Le guerrier s’assit, les yeux tout ensommeillés. Pelage d’Or était elle aussi sur ses pattes, et Pelage d’Orage sortait tout juste du nid qu’il s’était fabriqué sous un bouquet de fougères. La novice avait raison : aucun signe des deux autres.
L’esprit encore confus, il s’efforça de se lever. Le soleil était déjà au-dessus de l’horizon, dans un ciel clair piqué de petits nuages moutonneux. Le vent qui soufflait sur le champ faisait onduler l’herbe mais ne diffusait aucune odeur de chat. Griffe de Ronce se demanda tout d’abord si Jolie Plume et Nuage Noir étaient retournés chez eux. S’étaient-ils sentis découragés, rejetés, parce qu’ils n’avaient pas reçu le signe de l’eau salée ? Et s’ils avaient fait demi-tour, Pelage d’Or et lui pourraient-ils accomplir la mission seuls ?
Il se raisonna. Si Nuage Noir pouvait penser ainsi, Jolie Plume, elle, ne renoncerait jamais. Or, où qu’ils soient, les deux félins étaient sûrement ensemble. Il était peu probable qu’un prédateur les ait attrapés car l’endroit ne présentait aucun danger et, de toute façon, le bruit les aurait alertés.
« Va voir au point d’eau, ils sont peut-être partis boire, suggéra-t-il à Nuage d’Écureuil, qui le regardait toujours d’un air paniqué.
— J’y suis déjà allée. Je ne suis pas une cervelle de souris.
— Tu as bien fait… Alors, euh… »
Griffe de Ronce balaya le champ des yeux, désespérant de trouver un plan. Soudain, il aperçut deux petites silhouettes, l’une gris perle, l’autre noire, qui venaient vers eux. Le vent, qui soufflait vers le mur en ruine, avait effacé leur odeur.
« Ils sont là ! » s’exclama-t-il.
Jolie Plume et Nuage Noir les rejoignirent d’un pas vif.

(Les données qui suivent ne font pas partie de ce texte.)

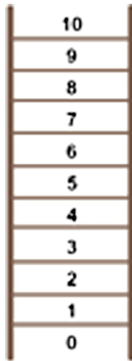
Figure 1. The mood measure.

Note: The picture of a ladder (based on Cantril's ladder) that was printed on to an A4 sheet of paper and used to measure pre-test and post-test mood.
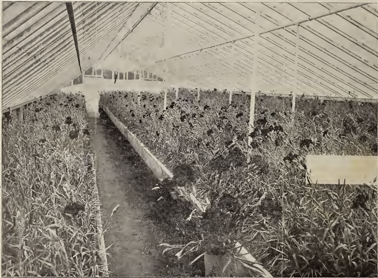
THE ABOVE HOUSE WAS TAKEN OCTOBER 10.
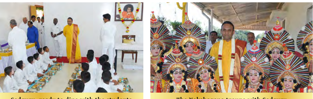
Sadguru ready to dine with the students
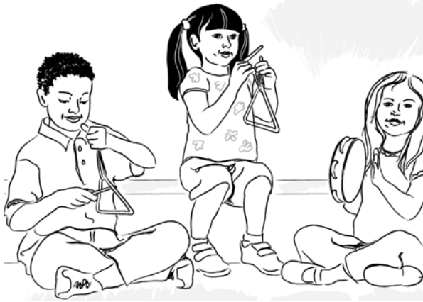
These students are playing music together.

Students learn new things in different ways. They use computers, books and equipment. They learn by trying things and talking with others. Sometimes students work in groups. Sometimes the whole class works together.
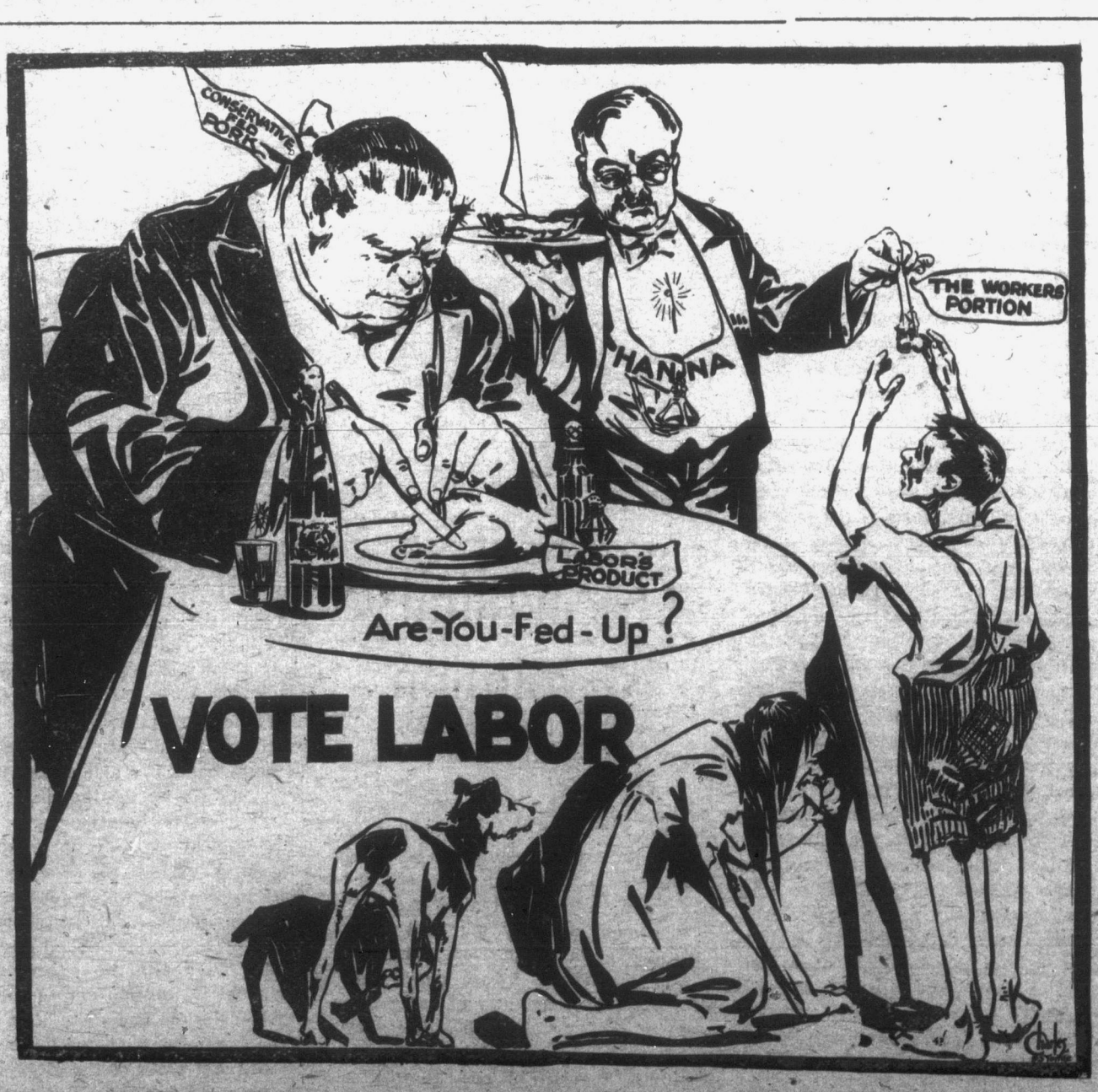
MR. HANNAS IDEA OF FOOD CONTROLL AS INTERPRETED BY THE FORWARD SPECIAL CARTOONIST.
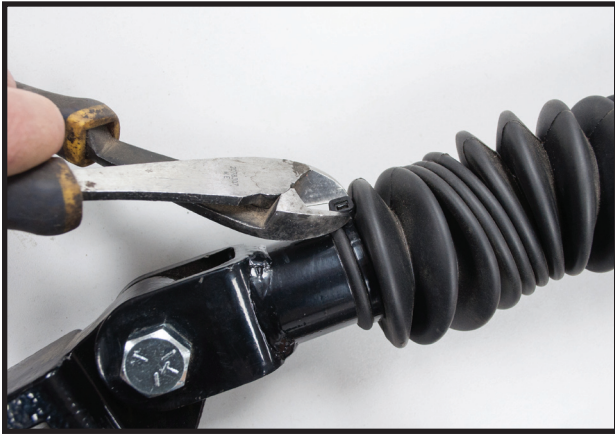
1. Cut plastic tie off of rubber boot on clevis end.

Ils portaient tous deux dans la gueule plusieurs proies et leurs yeux brillaient de satisfaction.
« Où étiez-vous passés ? s’enquit Griffe de Ronce. On s’inquiétait pour vous.
— Tu ne devrais pas partir sans prévenir, ajouta Pelage d’Orage à sa sœur.

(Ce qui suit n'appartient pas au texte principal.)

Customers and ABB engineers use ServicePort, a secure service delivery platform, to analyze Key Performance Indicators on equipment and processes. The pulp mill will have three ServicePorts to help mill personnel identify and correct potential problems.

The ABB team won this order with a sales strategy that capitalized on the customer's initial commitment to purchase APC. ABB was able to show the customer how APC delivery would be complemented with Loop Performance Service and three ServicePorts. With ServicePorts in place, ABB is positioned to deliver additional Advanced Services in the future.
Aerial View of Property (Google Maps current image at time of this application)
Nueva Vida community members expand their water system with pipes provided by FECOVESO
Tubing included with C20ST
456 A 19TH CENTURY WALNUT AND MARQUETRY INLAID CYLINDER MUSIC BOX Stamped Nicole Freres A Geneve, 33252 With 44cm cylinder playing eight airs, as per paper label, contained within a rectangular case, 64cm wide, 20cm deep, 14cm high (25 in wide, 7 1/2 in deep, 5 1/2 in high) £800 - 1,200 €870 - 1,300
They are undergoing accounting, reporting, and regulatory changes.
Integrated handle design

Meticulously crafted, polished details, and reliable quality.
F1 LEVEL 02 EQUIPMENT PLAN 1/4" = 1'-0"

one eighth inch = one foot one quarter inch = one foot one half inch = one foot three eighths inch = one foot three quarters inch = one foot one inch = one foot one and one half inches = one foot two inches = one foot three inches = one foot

— À votre avis, on faisait quoi ? rétorqua Nuage Noir, après avoir posé au sol deux souris. Vous ronfliez tous comme des hérissons en plein hiver, alors on a décidé d’aller chasser.
— Le gibier ne manque pas, là-bas, annonça Jolie Plume, indiquant des fourrés au milieu du champ. Nous avons attrapé des tas de rongeurs, il faudra qu’on retourne chercher le reste.

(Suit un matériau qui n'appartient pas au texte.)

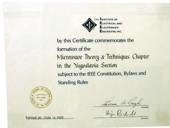
Fig. 4 MTT-17 Chapter foundation certificate [8]
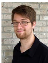
By Grant Fuller (Summer Intern)
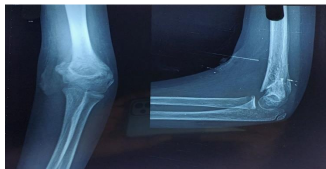
Fig. 5. Post-op x-ray images after removal of k wires

After the preoperative preparations, the patient underwent closed reduction of the fracture on an emergent basis. With application of continuous gentle traction, closed reduction was achieved & carefully 2 lateral and 1 medial Kirschner wires were pinned and checked by fluoroscopy. A long arm splint applied to the patient post-operatively in 40° flexion. After fracture reduction & stabilization, the swelling subsided gradually in 5 days. Surgical wound healing was satisfactory. The patient was discharged after 5 days & called for regular follow-ups. After 4 weeks, the Kirshner wires & splint was removed.
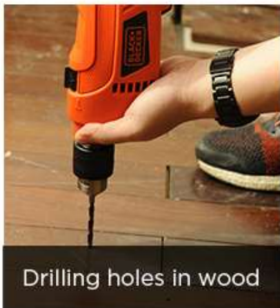
Drilling holes in wood
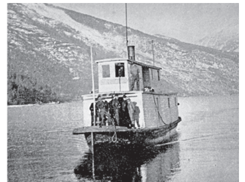
The SS William Hunter:

The first propeller-driven boat on Slocan Lake was built on the beach in New Denver (then Eldorado) in the summer of 1892. It provided the only service until the CPR launched the SS Slocan in 1897.
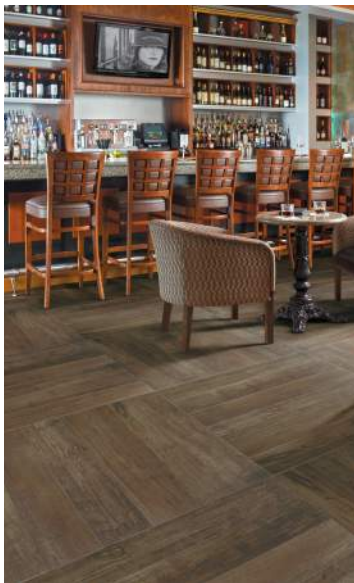
AV285 ▶ Bankroll 6 x 36 UPS

— C’est au tour de ces feignasses d’y aller, grommela Nuage Noir.
— Bien sûr, nous allons vous aider, répondit Griffe de Ronce, qui salivait déjà à l’odeur des souris. Je vous félicite. Restez là pour manger, nous nous occupons du reste. »
Nuage Noir s’était déjà installé et s’apprêtait à mordre dans une souris lorsqu’il répondit :
« Arrête de nous parler comme si tu étais notre mentor. »
Il semblait décidé à être désagréable, mais Griffe de Ronce ignora sa remarque. Malgré le mauvais caractère de l’apprenti, il se sentait plein d’espoir. Ils avaient survécu aux difficultés rencontrées dans les jardins des Bipèdes, le signe reçu par Pelage d’Or indiquait qu’ils suivaient la volonté du Clan des Étoiles, et maintenant, ils allaient profiter d’un bon repas. Tandis qu’il entraînait les autres vers les fourrés, il se dit que la situation aurait pu être pire.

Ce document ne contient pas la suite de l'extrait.